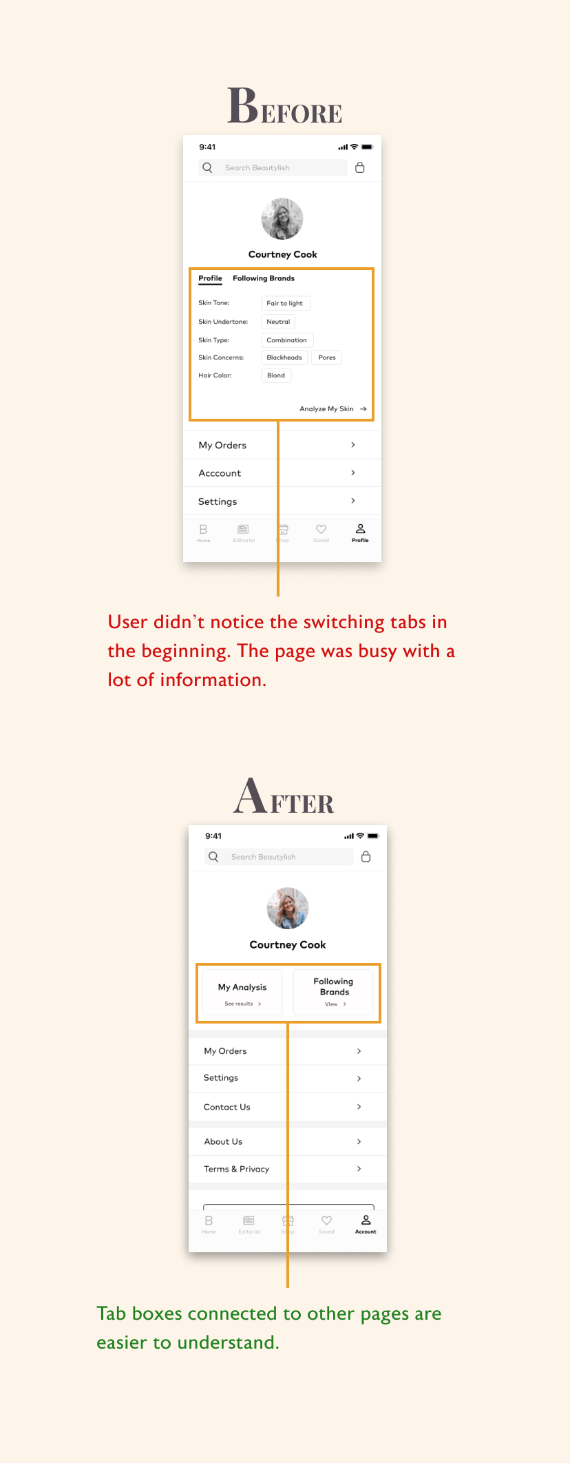 Two interviewees initially scrolled down the page and didn't notice tabs to change the pages. The user also mentioned that the "analyze my skin" button isn't apparent to tap. Besides, the page looks busy with a lot of information. In the new design, I replaced the switching tabs with two tab buttons with copy such as "see results" and "view," and each tab box connected to different pages. I also renamed the profile page to the account page because it shows more than just its profile.
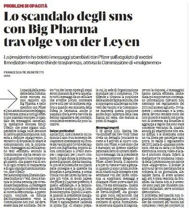 La presidente ha celato i messaggi scambiati con Pfizer sull’acquisto di vaccini
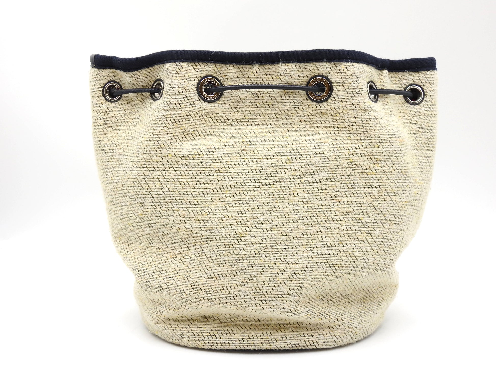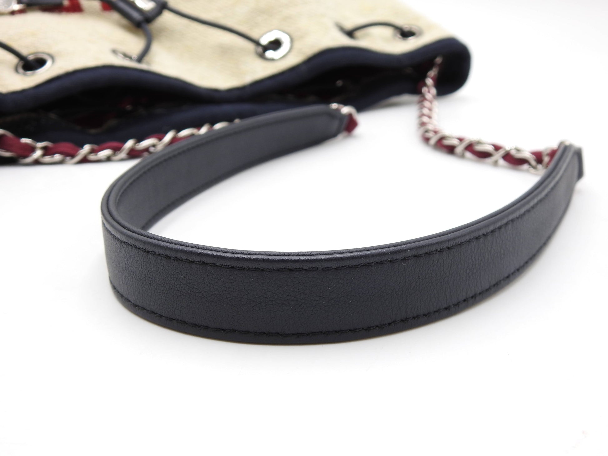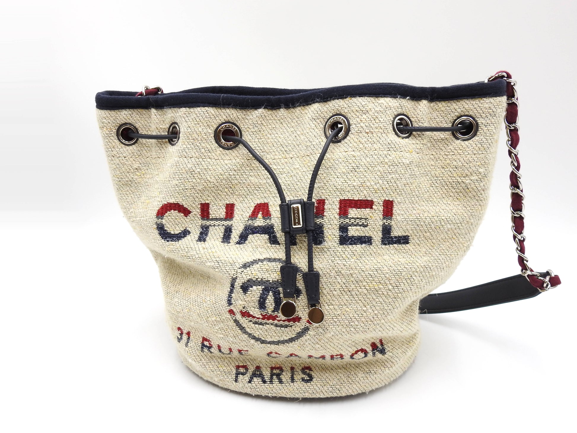 CHANEL Deauville Drawstring Chain Shoulder Bag Canvas Beige

= = = =

# Task brief:
All of the data above needs to be retyped exactly, with the pictures removed.

# Result of the exercise:
 Two interviewees initially scrolled down the page and didn't notice tabs to change the pages. The user also mentioned that the "analyze my skin" button isn't apparent to tap. Besides, the page looks busy with a lot of information. In the new design, I replaced the switching tabs with two tab buttons with copy such as "see results" and "view," and each tab box connected to different pages. I also renamed the profile page to the account page because it shows more than just its profile.
 La presidente ha celato i messaggi scambiati con Pfizer sull’acquisto di vaccini
 CHANEL Deauville Drawstring Chain Shoulder Bag Canvas Beige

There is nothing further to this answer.